Stem cell mitotic response to damage in old and young Drosophila melanogaster
Adult stem cells maintain tissues by dividing asymmetrically to produce both stem cells and differentiating daughter cells that replenish lost or dying cells to ensure the integrity of the organism. All cells within an organism, including stem cells and their progeny, can be challenged by cellular stresses that lead to cell death. Regeneration after cell death following trauma allows regrowth and repair. Research in many organisms has shown that it is the apoptotic cells themselves that can mediate complex intracellular signals and release complex intercellular signals to their surviving neighbours that stimulate cell proliferation, which is known as “Apoptosis-Induced Proliferation” (AIP). AIP is mediated within the apoptotic cells by the apoptotic signaling cascade along with p53 and Jnk signaling and results in the dying cells secreting mitogens to directly stimulate cell proliferation.
To date most of the research on AIP has focused on proliferating and differentiating adult tissues. Despite their centrality to the homeostasis of many adult tissues almost nothing is known about AIP in stem cell populations. The aim of this project is to identify how cell signaling is orchestrated to regulate AIP in Drosophila testis stem cells, how this contributes to the homeostasis of young and old tissues and how this could be abrogated genetically to ameliorate or reverse the negative effects of ageing on AIP.
Specific objectives:
- Identify the signals that are required for dying cells to cause the germ line stem cells and their progeny cells to divide more after damage by determining mitotic index of all cell in testis in which putative cell signaling molecules have been knocked out at various times after apoptosis is activated by irradiation.
- Identify the signals that are required in stem cells to receive the AIP signal from dying cells by knocking out putative cell signaling molecules in stem cells and determining their mitotic index at various times after apoptosis is activated by irradiation.
- Identify which signals are lost in older cell population whose re-introduction through ectopic expression could re-establish AIP in older cells by determining mitotic index of all cell in testis in which putative cell signaling molecules have been knocked out at various times after apoptosis is activated by irradiation in 30 day old flies. Identified pathways would be re-introduced into 30 day old flies using ectopic expression by the inducible Gal4-SWITCH system and mitotic index of cell types determined in flies at various times after apoptosis has been inducted by irradiation.
Publications
- Bridger JM, Eskiw CH, Makarov EM, Tree D, Kill IR.; Nucleus. 2011 Nov-Dec;2(6):517-22. doi: 10.4161/nucl.2.6.17605. Epub 2011 Nov 1. Review.
- Beard GS, Bridger JM, Kill IR, Tree DR. Biochem Soc Trans. 2008 Dec;36(Pt 6):1389-92. doi: 10.1042/BST0361389.

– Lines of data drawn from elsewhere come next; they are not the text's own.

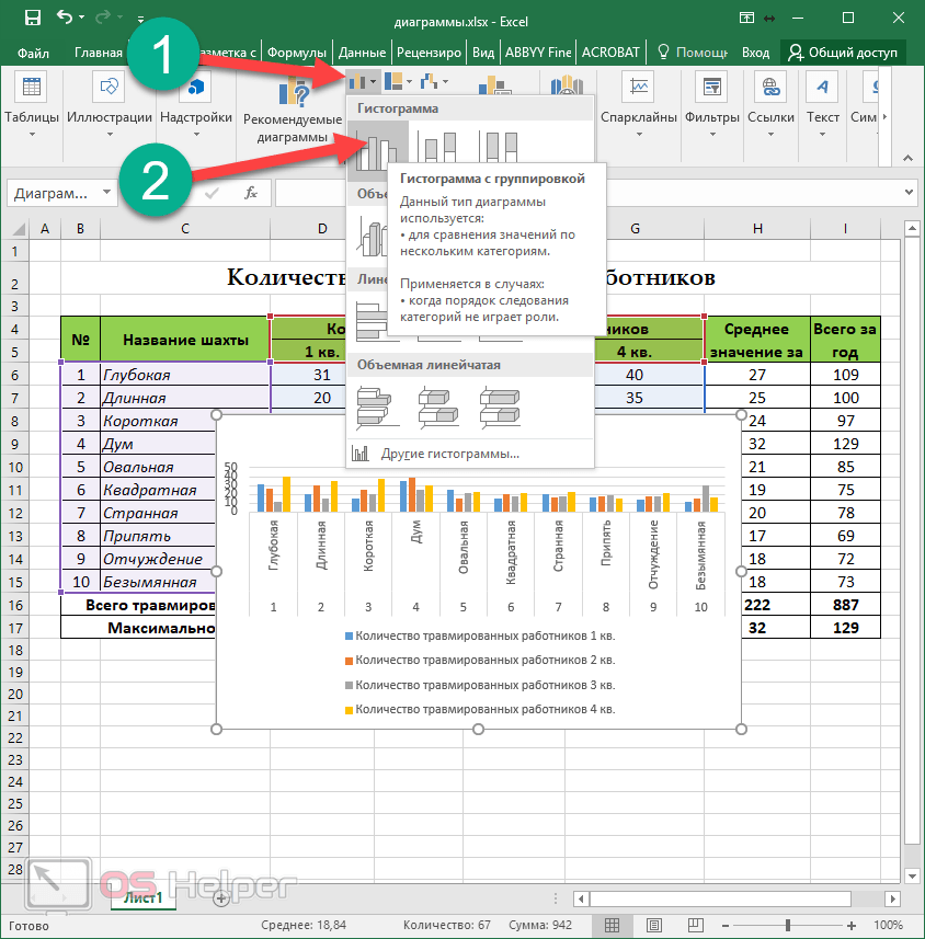 - Нажмите «Гистограмма» (например, она может быть другого типа). Выберите из предложенных вариантов гистограммы.
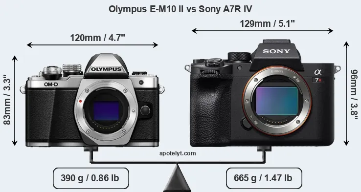 If the front view area (width x height) of the cameras is taken as an aggregate measure of their size, the Sony A7R IV is notably larger (24 percent) than the Olympus E-M10 II. Moreover, the A7R IV is substantially heavier (71 percent) than the E-M10 II. It is noteworthy in this context that the A7R IV is splash and dust-proof, while the E-M10 II does not feature any corresponding weather-sealing.
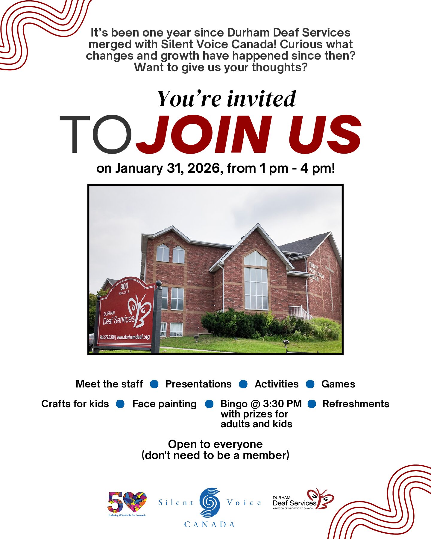 It’s been one year since Durham Deaf Services merged with Silent Voice Canada! Curious what changes and growth have happened since then? Want to give us your thoughts? You’re invited to join us on January 31, 2026, from 1pm to 4pm! Meet the staff Presentations Activities Games Crafts for kids Face painting Bingo Refreshments with […] |
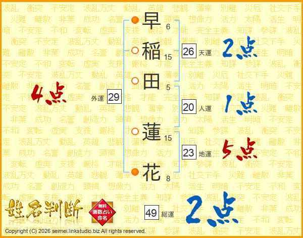 早稲田蓮花さんの総運は49画の2点!
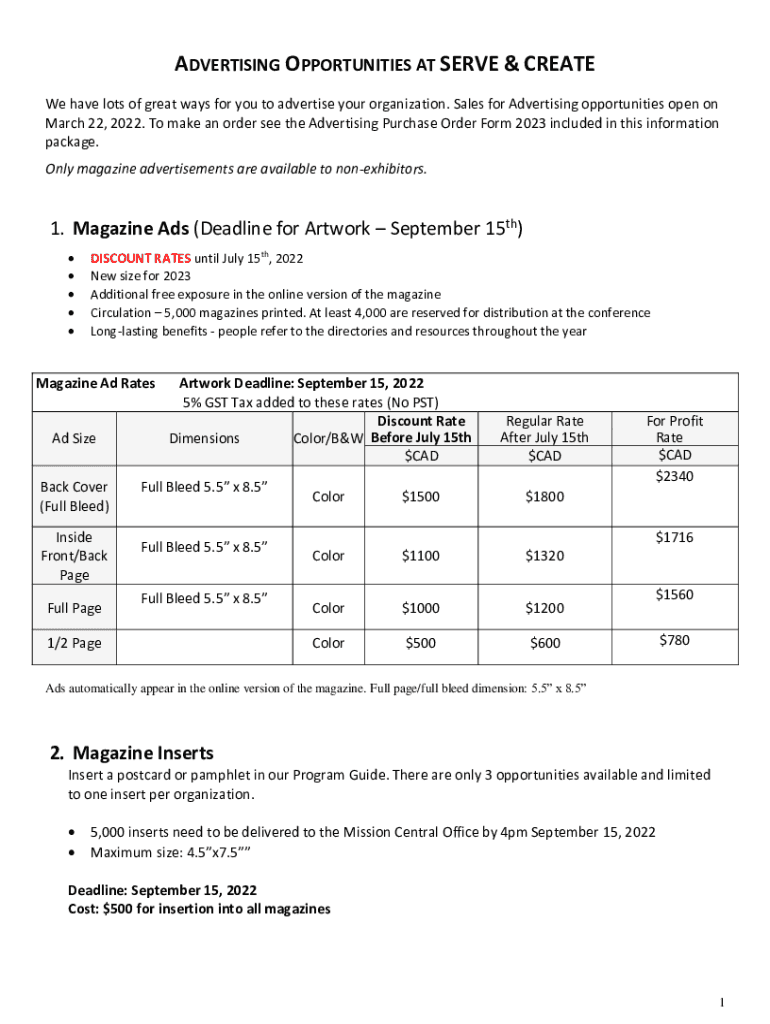 ADVERTISING OPPORTUNITIES AT SERVE & CREATE We have lots of great ways for you to advertise your organization. Sales for Advertising opportunities open on March 22, 2022. To make an order see the
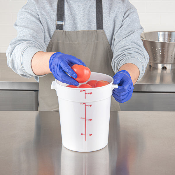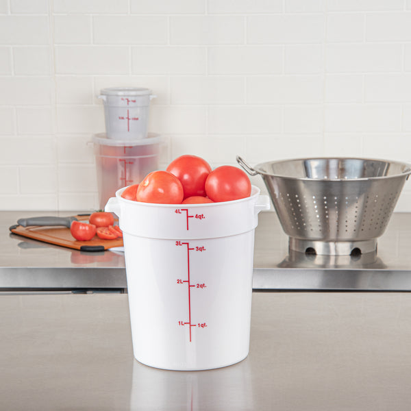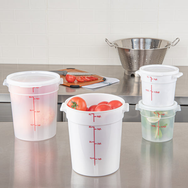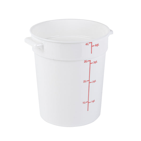 Elevate your food storage solutions with our Met Lux 4-quart Round White Plastic Food Storage Containers. Crafted from durable PP plastic, these round plastic food containers are designed to withstand everyday wear and tear, ensuring long-lasting reliability in your kitchen. Built to endure temperatures ranging from -40 to 160 degrees Fahrenheit, these food storage containers are perfect for storing a wide range of food items, from fresh produce to freezable goods. For easy portion control and inventory management, these containers feature red graduations, making it simple to measure ingredients or meals. Comfortable and stable handles enhance usability, making these containers easy to carry and maneuver in a busy kitchen. Both dishwashable and freezable, these versatile storage containers simplify your cleaning and food prep processes. These white food containers enhance visibility, making it easy to identify contents at a glance. With a generous 4-quart capacity, these round plastic containers can accommodate multiple servings of your culinary creations. Measuring 7.25 inches in diameter by 8.5 inches in height, these food containers maximize storage efficiency without compromising on space. Pair these containers with available lids (SKU: RWT1572C) for secure storage. Sold in a 10 count box. Lids are available and sold separately.
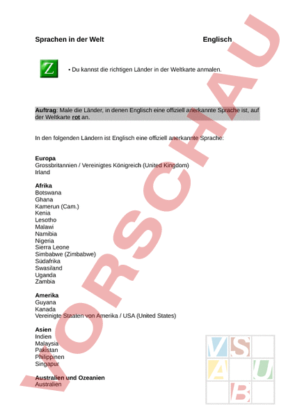 Sprachen in der Welt Englisch • Du kannst die richtigen Länder in der Weltkarte anmalen. Auftrag: Male die Länder, in denen Englisch eine offiziell anerkannte Sprache ist, auf der Weltkarte rot an. In den folgenden Ländern ist Englisch eine offiziell anerkannte Sprache: Europa Grossbritannien Vereinigtes Königreich (United Kingdom) Irland Afrika Botswana Ghana Kamerun (Cam.) Kenia Lesotho Malawi Namibia Nigeria Sierra Leone Simbabwe (Zimbabwe) Südafrika Swasiland Uganda Zambia Amerika Guyana Kanada Vereinigte Staaten von Amerika USA (United States) Asien Indien Malaysia Pakistan Philippinen Singapur Australien und Ozeanien Australien Fidschi-Inseln Neuseeland Papua-Neuguinea

Meet the Principal Investigator(s) for the project
Dr David Tree - Qualifications:
BSc, Genetics, The University of York, UK, 1996
Ph.D, The University of Cambridge, UK, 1999
PG-Cert Higher Education, Brunel, 2008
Fellow of the Higher Education Academy, 2016
Senior Fellow of Advance HE, 2019
Related Research Group(s)
Genome Engineering and Maintenance - Diverse research network focused on molecular, cellular, organismal and computational aspects of genome biology.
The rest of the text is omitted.